— GIVEN ENTRIES —
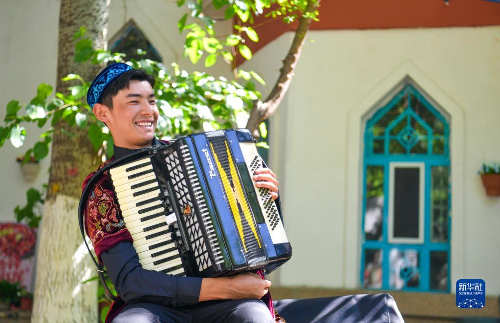 一名樂(lè )手在新疆伊寧市六星街街頭準備演奏手風(fēng)琴(5月17日攝)。
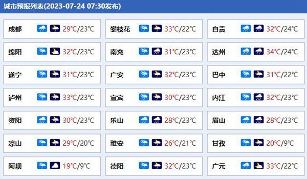 四川各城市預(yù)報。(來源:中國天氣網(wǎng))
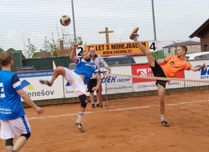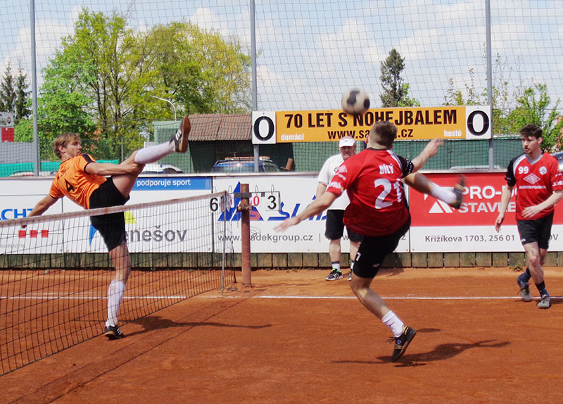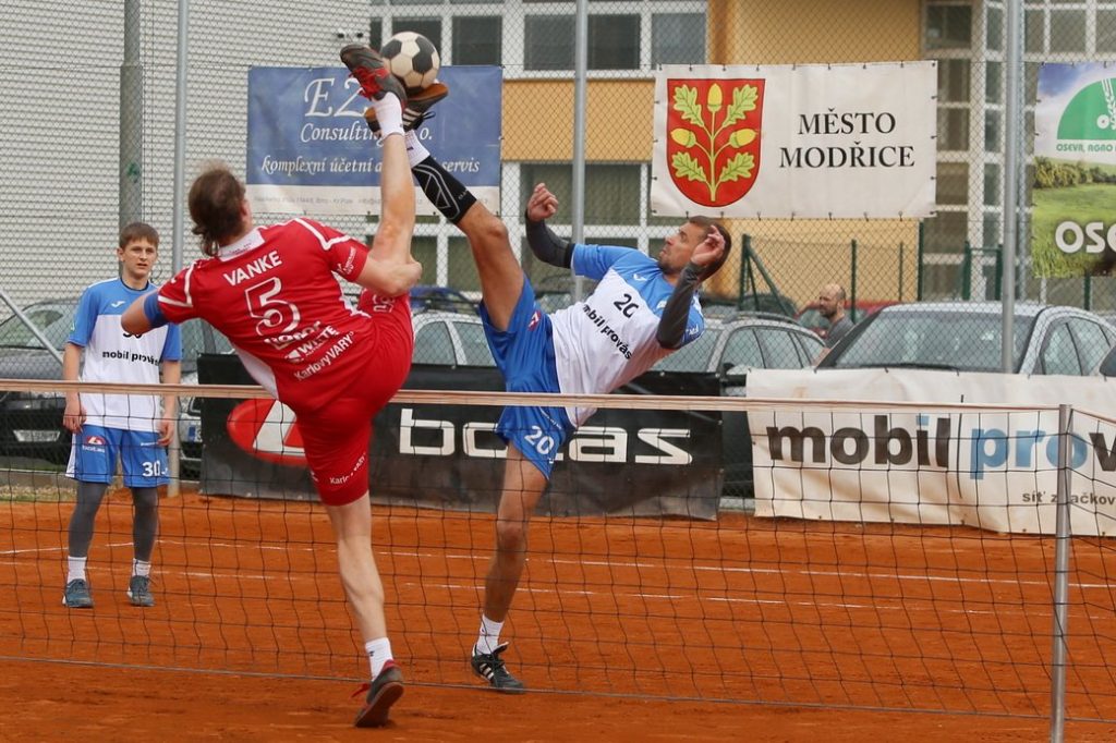 Tahákem kola byl jednoznačně souboj dvou zatím neporažených týmů z čela tabulky. A ani tento zápas na tom nic nezměnil. Z bitvy až do posledního setu vítěz nevzešel. Hosté využili zranění v domácích řadách a před zraky cca 120 diváků z modřického areálu jeden bod uloupili. Oním zraněným byl pilíř modřické sestavy a dvorní nahrávač kapitána Pospíšila, Lukáš Rosenberk, který si pochroumal kotník na doplňkovém sportu a přišel své spoluhráče podpořit alespoň do diváckých řad. Úvodní debly přinesly dělbu bodů, když za Západočechy srovnával proti Kopovi s Višvaderem ve třetím setu Vanke a Putík. Kop Hokrovu trojici naprosto zničil a poté Pospíšilova trojice dokázala po střídání a debaklu v prvním setu zpřesnit hru na náhře a zkušený kapitán modřických proti Vankemu zápas otočil. Střední pasáž utkání skončila smírem a tak byl před odvetnými trojkami stav utkání 4:2. Vankeho trojice proti Kopově svůj part zvládla, když domácího bombarďáka po Vankeho chyceném útoku zradila při příliš precizně zahraném kraťasu síť. Pospíšil se s druhou trojkou hostí vůbec nezdržoval a do odvetných dvojic šli domácí s jistotou zápasového bodu a dvoubodovým náskokem 5:3. Jenže v závěrečných třísetových bitvách si vedli lépe Západočeši a vydolovali tak na jihomoravské půdě alespoň bod za remízu. Především střídání v poslední dvojice dne vyšlo stejně dobře, jako tomu bylo před týdnem v zápase proti Čakovicím. Hokra po prvním prohraném setu vedle Tolara vystřídal Kokštein a všem ukázal, jak se hraje účinný dvojkový nohejbal.
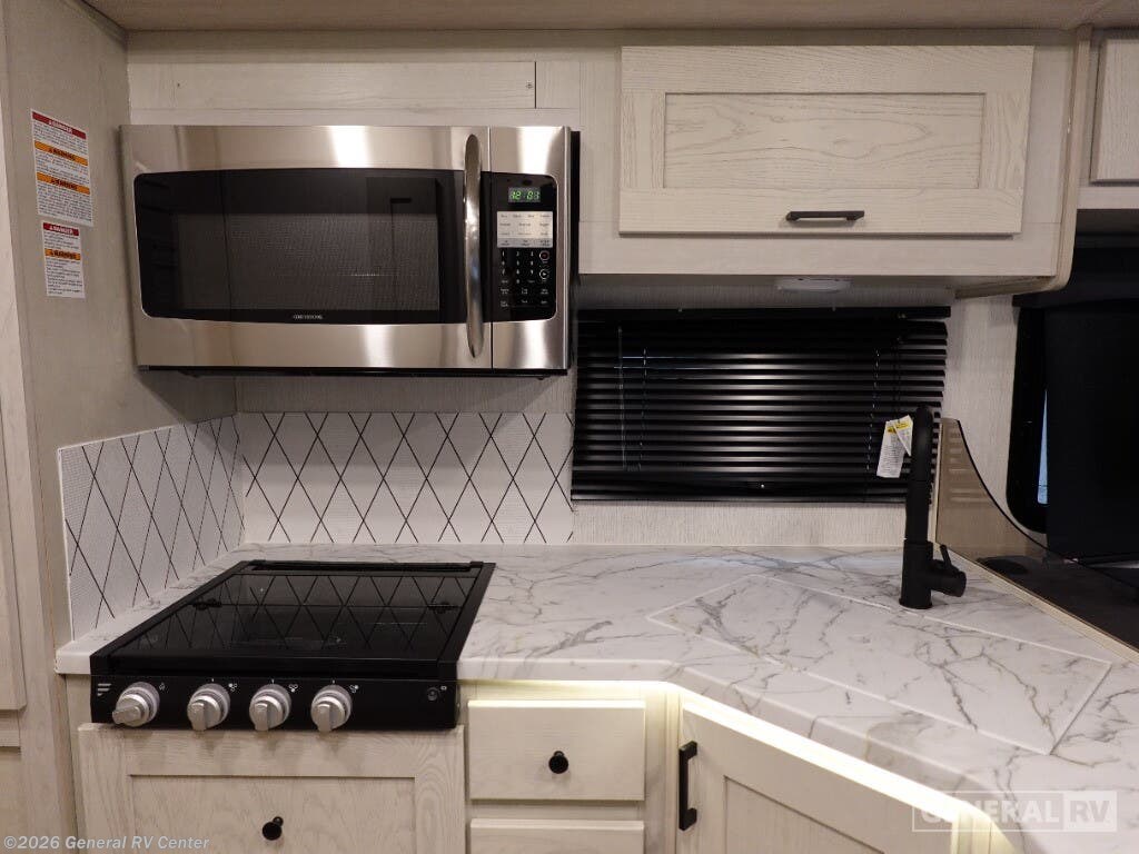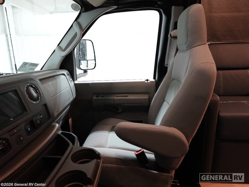 The 2025 NeXus RV Triumph 30T is a masterpiece of modern RV design, offering both comfort and style for your adventures. This motorhome, built on the robust Ford E450 chassis, combines power and reliability with its 325 horsepower engine and 450 lb-ft of torque. Measuring just over 31 feet, it provides a spacious yet manageable driving experience, perfect for families or groups of up to eight. The full-size and queen beds, along with convertible sleeping areas, ensure everyone has a cozy place to rest. The front living area is designed for relaxation, featuring a plush sofa and dinette, ideal for gathering and entertainment. The center kitchen is a chef’s delight, equipped with a full-size electric refrigerator, convection cooking, and a three-burner cooktop, making meal prep a breeze. The center bath, complete with a shower curtain, offers convenience and privacy. As you move towards the rear, the bedroom provides a serene retreat with ample storage, thanks to multiple closets and a dresser. The powered retractable awning invites you to enjoy the outdoors, while the automatic heater keeps you warm on cooler nights. With a 60-amp electrical service and a generous fresh water capacity of 40 gallons, this RV is ready for extended journeys. For more information or to experience the Triumph 30T in person, visit your nearest General RV dealership.
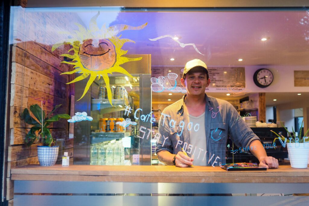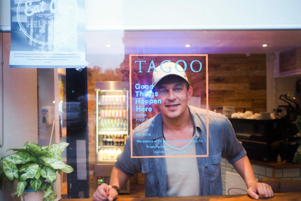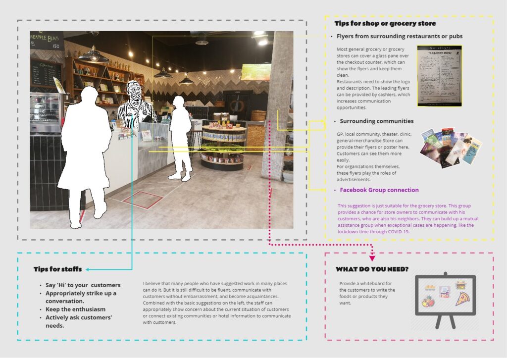 I applied the neighbourhood“barrier” idea and design the information for front glass window in Cafetagoo. In this way, the guests passing by can accept the information, besides this is a promotion to the shop

— REQUIRED WORK —
Leave the pictures out and print the records above exactly as they stand.

— EXERCISE SOLUTION —
 一名樂(lè )手在新疆伊寧市六星街街頭準備演奏手風(fēng)琴(5月17日攝)。
 四川各城市預(yù)報。(來源:中國天氣網(wǎng))
 Tahákem kola byl jednoznačně souboj dvou zatím neporažených týmů z čela tabulky. A ani tento zápas na tom nic nezměnil. Z bitvy až do posledního setu vítěz nevzešel. Hosté využili zranění v domácích řadách a před zraky cca 120 diváků z modřického areálu jeden bod uloupili. Oním zraněným byl pilíř modřické sestavy a dvorní nahrávač kapitána Pospíšila, Lukáš Rosenberk, který si pochroumal kotník na doplňkovém sportu a přišel své spoluhráče podpořit alespoň do diváckých řad. Úvodní debly přinesly dělbu bodů, když za Západočechy srovnával proti Kopovi s Višvaderem ve třetím setu Vanke a Putík. Kop Hokrovu trojici naprosto zničil a poté Pospíšilova trojice dokázala po střídání a debaklu v prvním setu zpřesnit hru na náhře a zkušený kapitán modřických proti Vankemu zápas otočil. Střední pasáž utkání skončila smírem a tak byl před odvetnými trojkami stav utkání 4:2. Vankeho trojice proti Kopově svůj part zvládla, když domácího bombarďáka po Vankeho chyceném útoku zradila při příliš precizně zahraném kraťasu síť. Pospíšil se s druhou trojkou hostí vůbec nezdržoval a do odvetných dvojic šli domácí s jistotou zápasového bodu a dvoubodovým náskokem 5:3. Jenže v závěrečných třísetových bitvách si vedli lépe Západočeši a vydolovali tak na jihomoravské půdě alespoň bod za remízu. Především střídání v poslední dvojice dne vyšlo stejně dobře, jako tomu bylo před týdnem v zápase proti Čakovicím. Hokra po prvním prohraném setu vedle Tolara vystřídal Kokštein a všem ukázal, jak se hraje účinný dvojkový nohejbal.
 The 2025 NeXus RV Triumph 30T is a masterpiece of modern RV design, offering both comfort and style for your adventures. This motorhome, built on the robust Ford E450 chassis, combines power and reliability with its 325 horsepower engine and 450 lb-ft of torque. Measuring just over 31 feet, it provides a spacious yet manageable driving experience, perfect for families or groups of up to eight. The full-size and queen beds, along with convertible sleeping areas, ensure everyone has a cozy place to rest. The front living area is designed for relaxation, featuring a plush sofa and dinette, ideal for gathering and entertainment. The center kitchen is a chef’s delight, equipped with a full-size electric refrigerator, convection cooking, and a three-burner cooktop, making meal prep a breeze. The center bath, complete with a shower curtain, offers convenience and privacy. As you move towards the rear, the bedroom provides a serene retreat with ample storage, thanks to multiple closets and a dresser. The powered retractable awning invites you to enjoy the outdoors, while the automatic heater keeps you warm on cooler nights. With a 60-amp electrical service and a generous fresh water capacity of 40 gallons, this RV is ready for extended journeys. For more information or to experience the Triumph 30T in person, visit your nearest General RV dealership.
 I applied the neighbourhood“barrier” idea and design the information for front glass window in Cafetagoo. In this way, the guests passing by can accept the information, besides this is a promotion to the shop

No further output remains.